==== Provided data ====
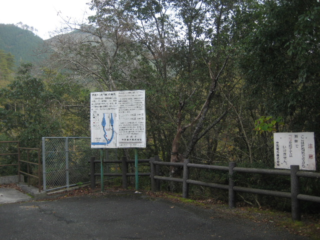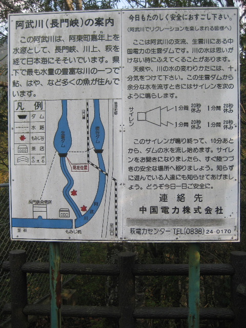 駐車場のダム寄り側に中電が長門峡を散策する人のために作った案内板があった。
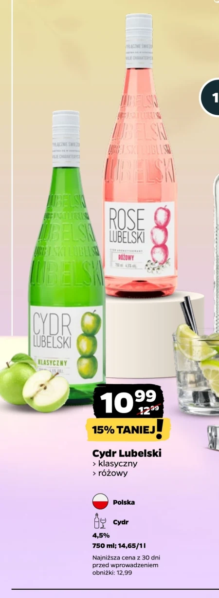 Cydr Lubelski klasyczny i różowy jest dostępny w ofercie Netto w cenie 10,99 zł, a wcześniej kosztował 12,99 zł, co oznacza 15% taniej za butelkę o pojemności 750 ml. To orzeźwiający napój o zawartości alkoholu 4,5%, idealny na ciepłe dni lub jako dodatek do spotkań ze znajomymi. Produkowany w Polsce, stanowi doskonałą alternatywę dla piwa i wina, oferując delikatny, owocowy smak. Najniższa cena w ostatnich 30 dni to 12,99 zł, więc warto skorzystać z obecnej obniżki i zaopatrzyć się w ulubiony cydr.
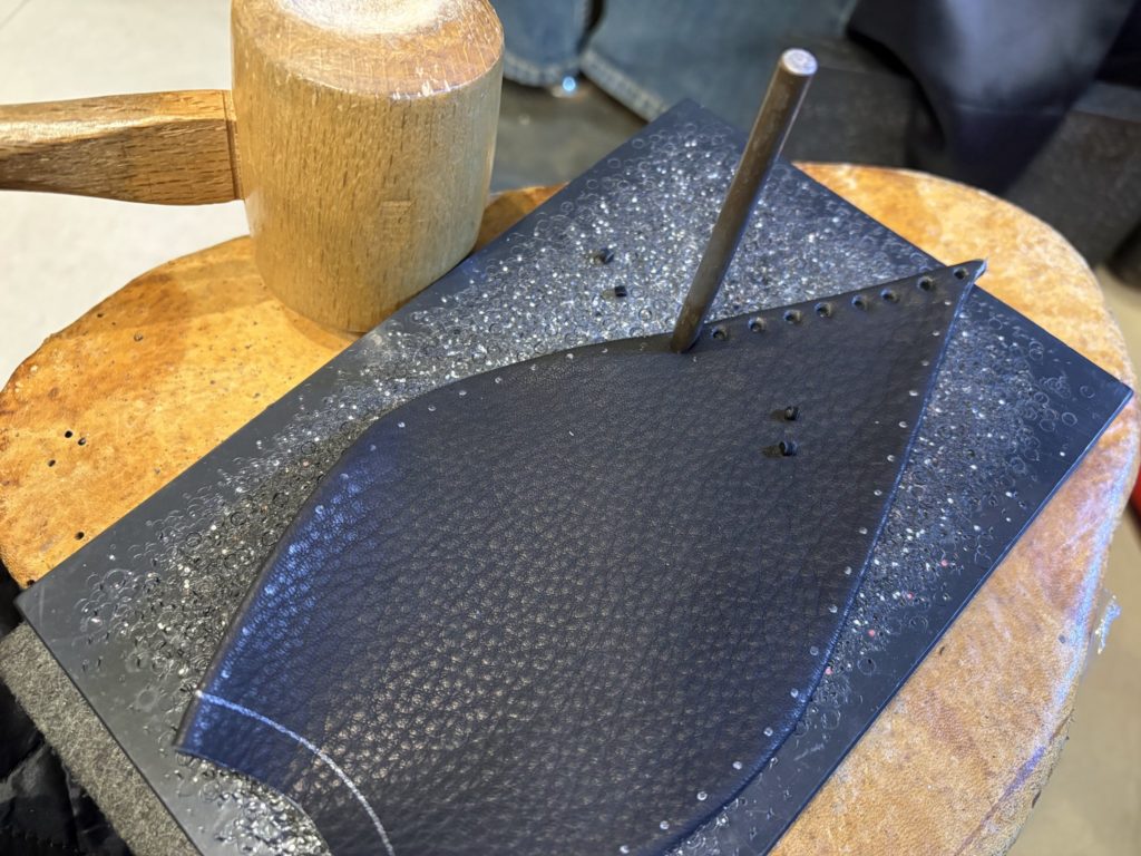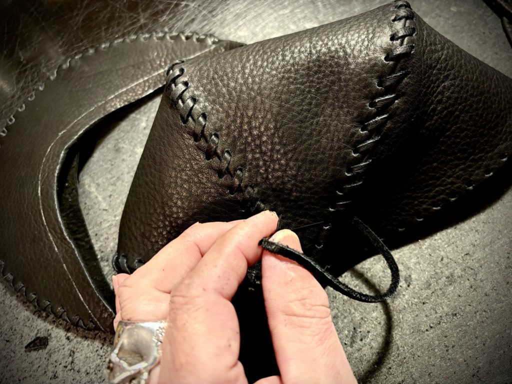 しかし、ハンドレーシングという技法で一針ずつ紐を編み込んでいくことで、ミシンでは決して出せない「鼓動」のようなリズムと強度が宿ります。
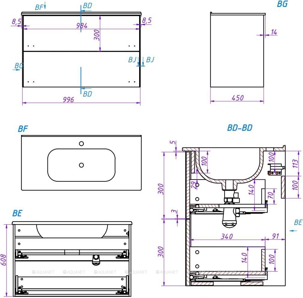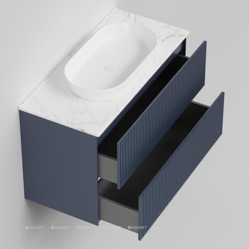 Тумба под раковину/ столешницу подвесная La Fenice Terra Twin 100 см синий FNC-01-TER-BG-100-2
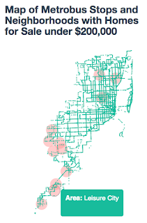 Jennifer Hernandez looked at the distribution of public transportation options in Miami-Dade county. She made some amazing point maps of bus stations (the small blue dots, which have tooltips) and the metrorail stops (bigger dots).
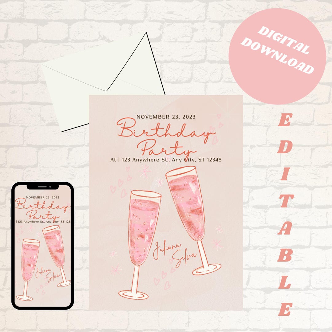 Editable Brunch and Bubbly Invitation Template Adult 30th 40th | Etsy
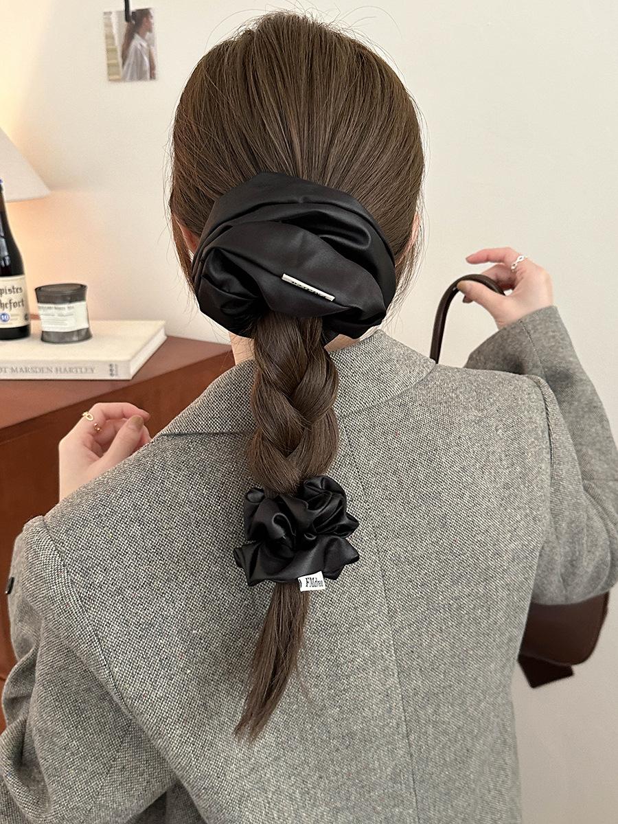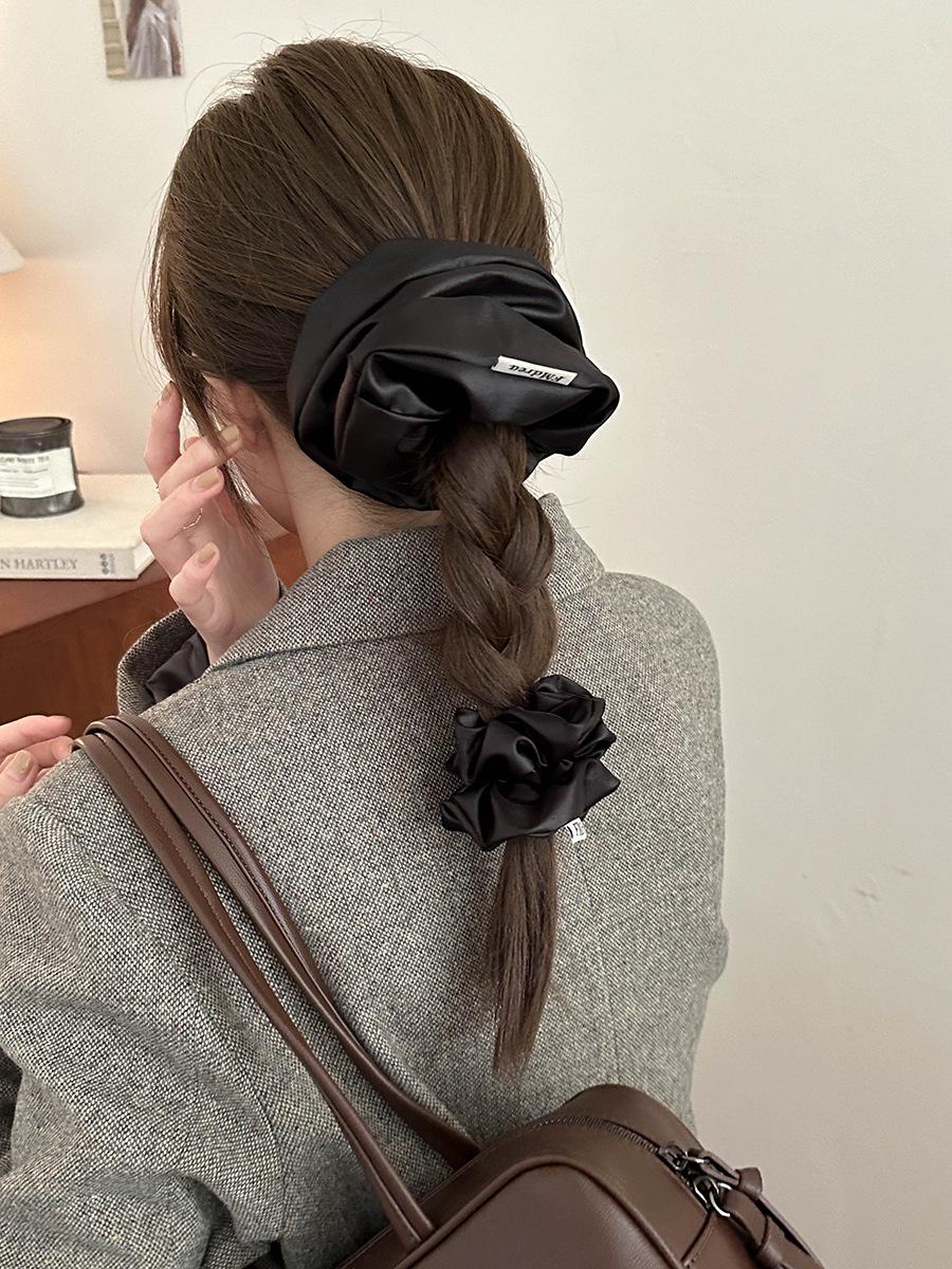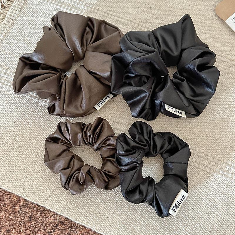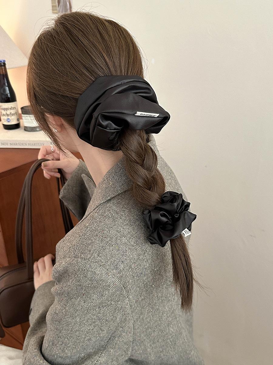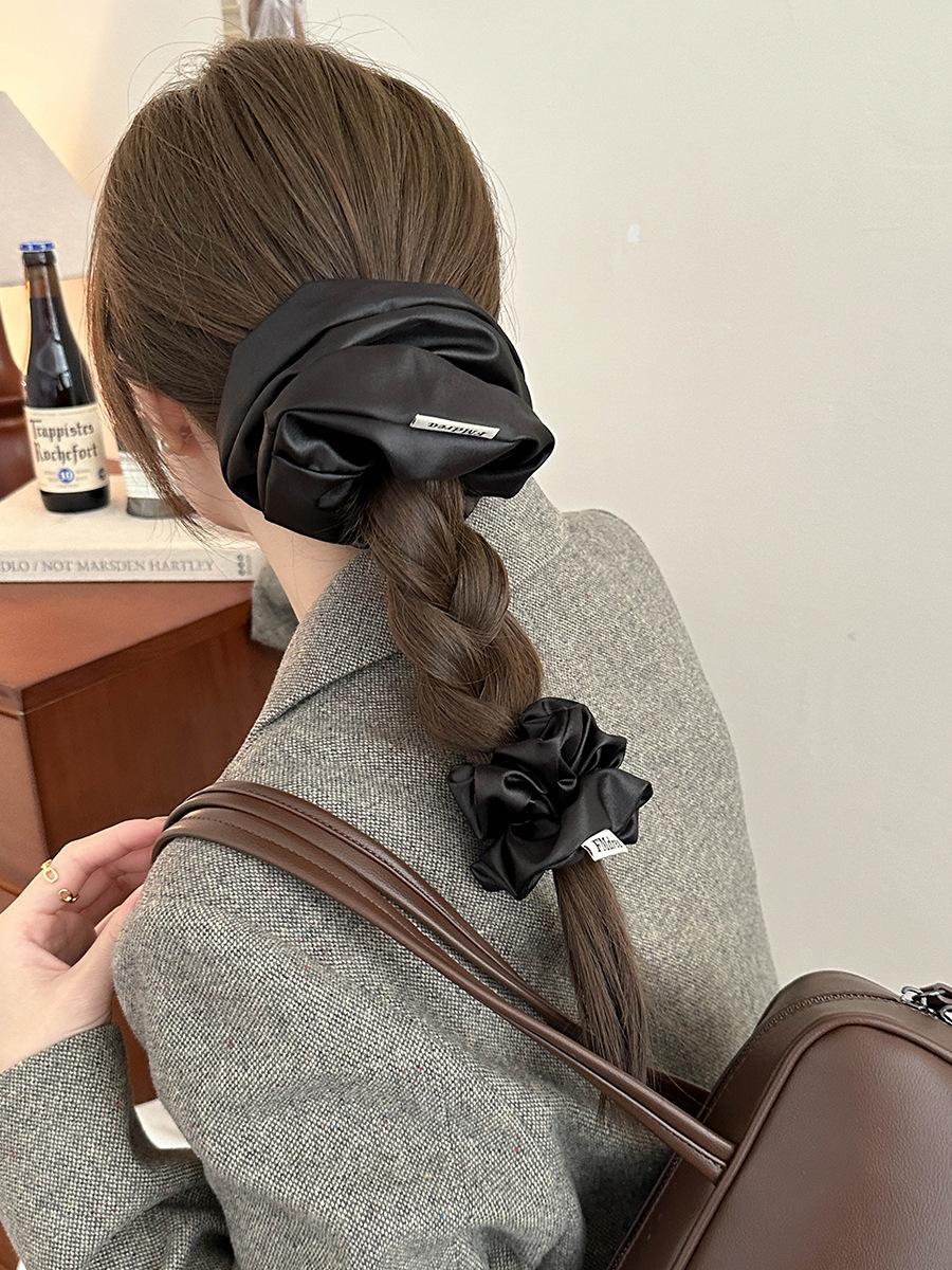 4551-1-black satin scrunchie with label large, 4551-2-brown satin hair tie with label large, 4551-3-black sati...
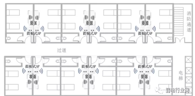 客房接入環(huán)境密集、墻壁阻隔較多,對無線信號的衰減相對較大,面板式AP推薦每個房間部署一臺。如下圖所示:
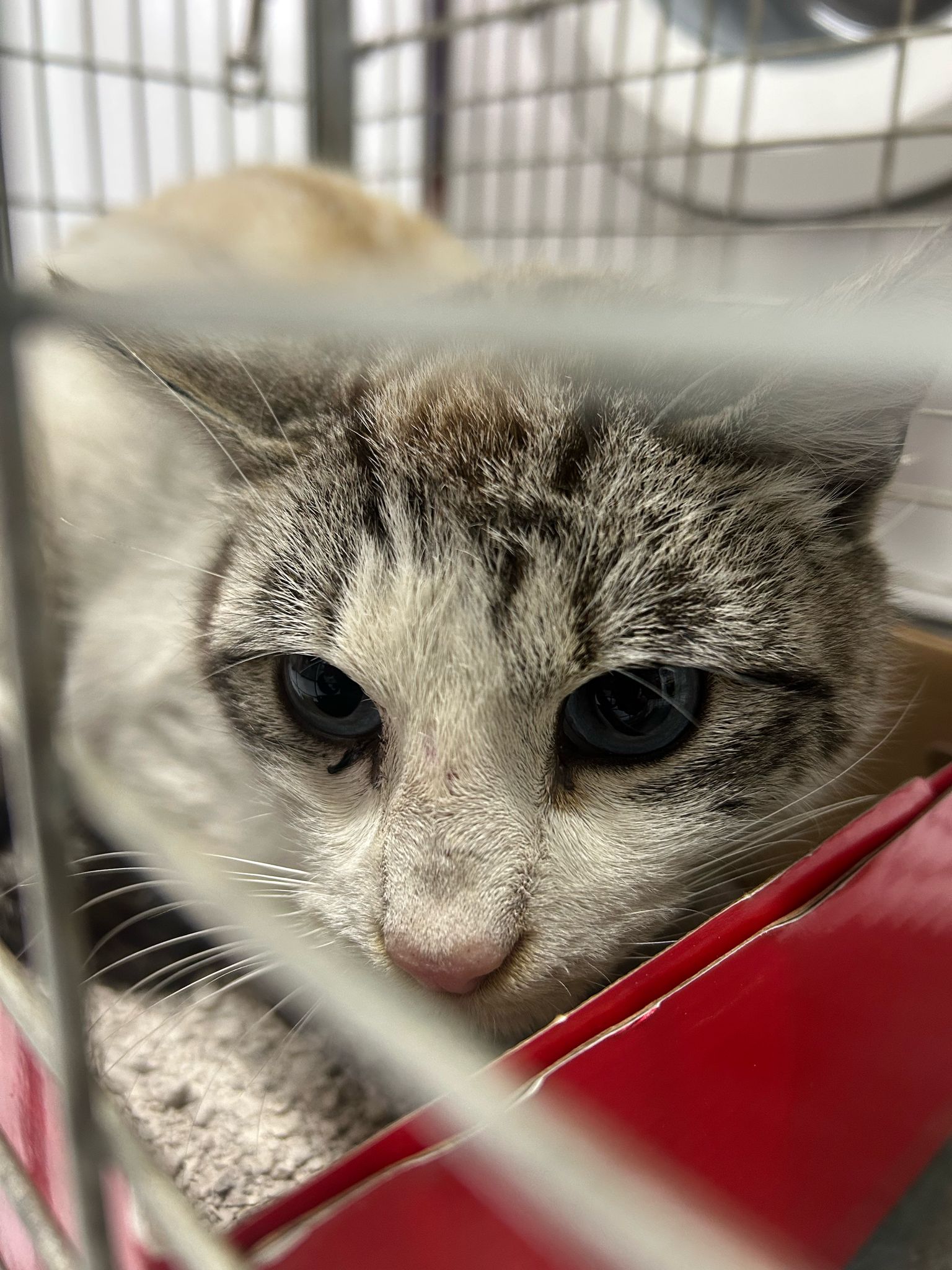 Descripción: GATO COMUN EUROPEO ATIGRADO Y BLANCO, POCO SOCIALIZADO.
====
Each line from the one with "客房接入環(huán)境密集" through the end of the entries should be reproduced exactly. Leave out the pictures.

- **Your response**:
 客房接入環(huán)境密集、墻壁阻隔較多,對無線信號的衰減相對較大,面板式AP推薦每個房間部署一臺。如下圖所示:
 Descripción: GATO COMUN EUROPEO ATIGRADO Y BLANCO, POCO SOCIALIZADO.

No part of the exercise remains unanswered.